#### [WHAT TO DO]
Below are some records. Return exactly the lines from the one with "グリーンをベースに、カラーブ" to the one with "Out of St. Catherine’s, Ontario, comes", and nothing else.

#### [MATERIAL FOR THIS EXERCISE]
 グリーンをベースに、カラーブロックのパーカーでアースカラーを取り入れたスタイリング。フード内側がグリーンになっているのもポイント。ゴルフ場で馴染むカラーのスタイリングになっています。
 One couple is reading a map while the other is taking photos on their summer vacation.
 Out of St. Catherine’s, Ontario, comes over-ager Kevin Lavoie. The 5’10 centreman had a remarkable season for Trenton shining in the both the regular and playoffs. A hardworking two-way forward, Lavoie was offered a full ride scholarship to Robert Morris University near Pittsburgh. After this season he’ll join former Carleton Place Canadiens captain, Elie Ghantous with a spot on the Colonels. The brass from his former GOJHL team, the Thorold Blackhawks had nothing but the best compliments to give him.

==

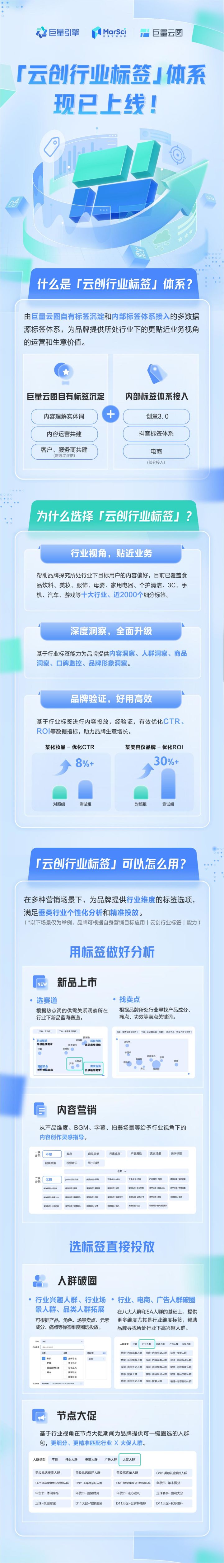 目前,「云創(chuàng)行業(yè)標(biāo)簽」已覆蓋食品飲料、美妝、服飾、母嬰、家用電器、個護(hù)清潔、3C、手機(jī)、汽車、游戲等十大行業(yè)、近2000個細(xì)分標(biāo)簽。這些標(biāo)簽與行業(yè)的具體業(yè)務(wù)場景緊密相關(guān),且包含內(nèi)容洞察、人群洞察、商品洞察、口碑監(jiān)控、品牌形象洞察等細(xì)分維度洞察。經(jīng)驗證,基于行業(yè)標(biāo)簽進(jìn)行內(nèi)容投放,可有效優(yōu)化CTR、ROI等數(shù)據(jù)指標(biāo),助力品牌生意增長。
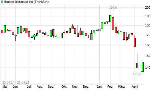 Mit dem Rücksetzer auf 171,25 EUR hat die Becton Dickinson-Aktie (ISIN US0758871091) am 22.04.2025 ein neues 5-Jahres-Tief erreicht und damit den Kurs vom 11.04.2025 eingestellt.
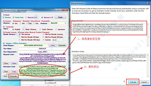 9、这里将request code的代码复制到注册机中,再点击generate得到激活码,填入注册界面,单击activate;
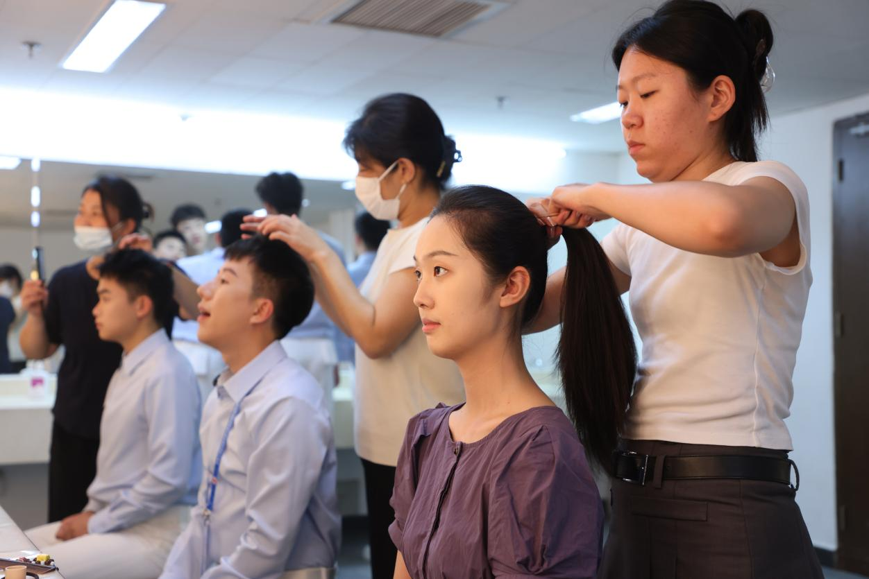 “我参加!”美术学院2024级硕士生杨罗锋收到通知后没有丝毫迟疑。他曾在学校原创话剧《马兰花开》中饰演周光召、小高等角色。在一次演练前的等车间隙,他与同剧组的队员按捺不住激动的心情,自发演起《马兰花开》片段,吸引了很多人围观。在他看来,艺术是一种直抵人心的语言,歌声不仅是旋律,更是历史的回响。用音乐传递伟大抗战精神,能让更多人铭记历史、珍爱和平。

#### [REPLY TO THE TASK]
 グリーンをベースに、カラーブロックのパーカーでアースカラーを取り入れたスタイリング。フード内側がグリーンになっているのもポイント。ゴルフ場で馴染むカラーのスタイリングになっています。
 One couple is reading a map while the other is taking photos on their summer vacation.
 Out of St. Catherine’s, Ontario, comes over-ager Kevin Lavoie. The 5’10 centreman had a remarkable season for Trenton shining in the both the regular and playoffs. A hardworking two-way forward, Lavoie was offered a full ride scholarship to Robert Morris University near Pittsburgh. After this season he’ll join former Carleton Place Canadiens captain, Elie Ghantous with a spot on the Colonels. The brass from his former GOJHL team, the Thorold Blackhawks had nothing but the best compliments to give him.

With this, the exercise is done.